- Recorded data -
____

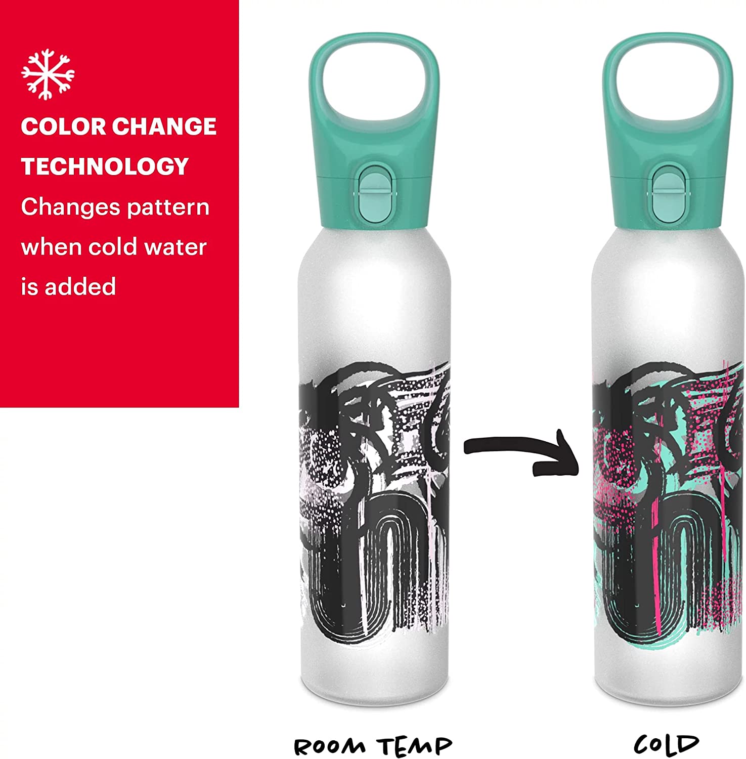 - COLOR-CHANGING: Style and technology blend seamlessly in this 17.5-oz water bottle. Fill it up with cold water and watch as the bottle comes to life with vibrant colors that will make your day.
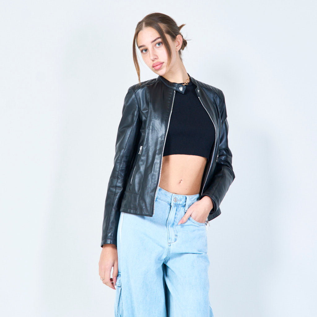 - Jaqueta de couro aerodinâmica com detalhes de ombro acolchoados
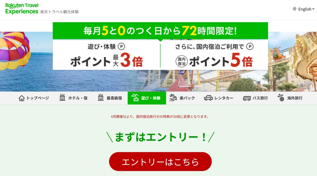 詳しくはこちら ≫5と0の日から3日間 楽天ポイントアップキャンペーン(楽天トラベル観光体験公式サイト)
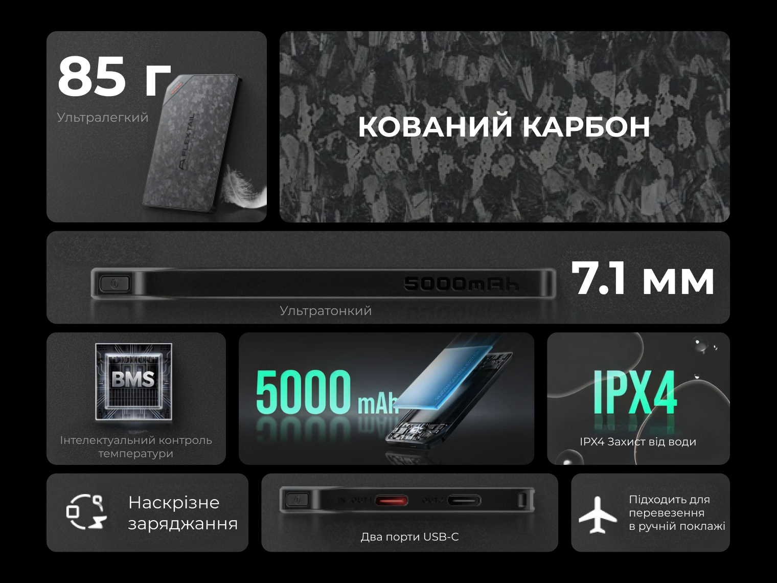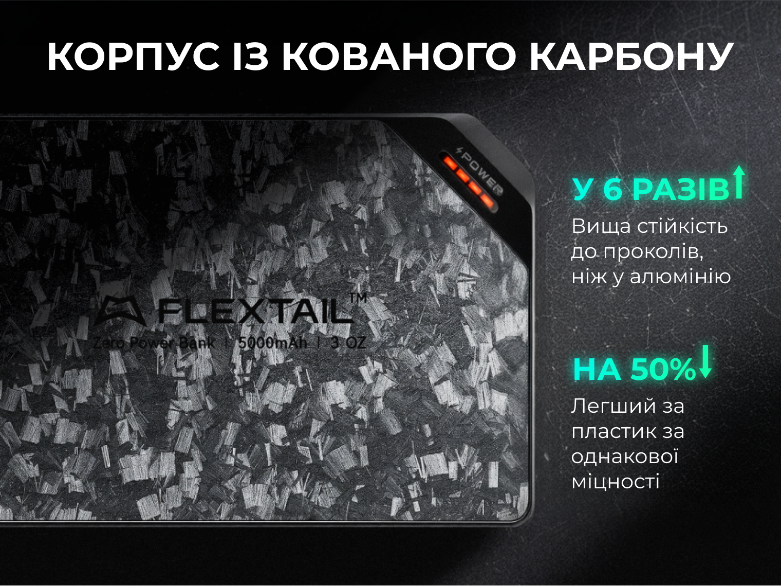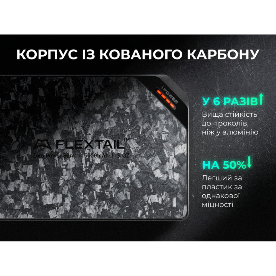 Flextail Zero Power 5000 — це втілення міцності в мінімалістичному корпусі. Зовнішня оболонка виготовлена з кованого вуглецевого волокна (Carbon Fiber), яке використовується в аерокосмічній галузі. Цей матеріал у 6 разів міцніший за алюміній до проколів, що гарантує цілісність батареї навіть у найважчих умовах експлуатації.

____

- Task prompt -
Retype all of the material above precisely as it reads. Pictures are not part of the copy.

- Reply to the task -
 - COLOR-CHANGING: Style and technology blend seamlessly in this 17.5-oz water bottle. Fill it up with cold water and watch as the bottle comes to life with vibrant colors that will make your day.
 - Jaqueta de couro aerodinâmica com detalhes de ombro acolchoados
 詳しくはこちら ≫5と0の日から3日間 楽天ポイントアップキャンペーン(楽天トラベル観光体験公式サイト)
 Flextail Zero Power 5000 — це втілення міцності в мінімалістичному корпусі. Зовнішня оболонка виготовлена з кованого вуглецевого волокна (Carbon Fiber), яке використовується в аерокосмічній галузі. Цей матеріал у 6 разів міцніший за алюміній до проколів, що гарантує цілісність батареї навіть у найважчих умовах експлуатації.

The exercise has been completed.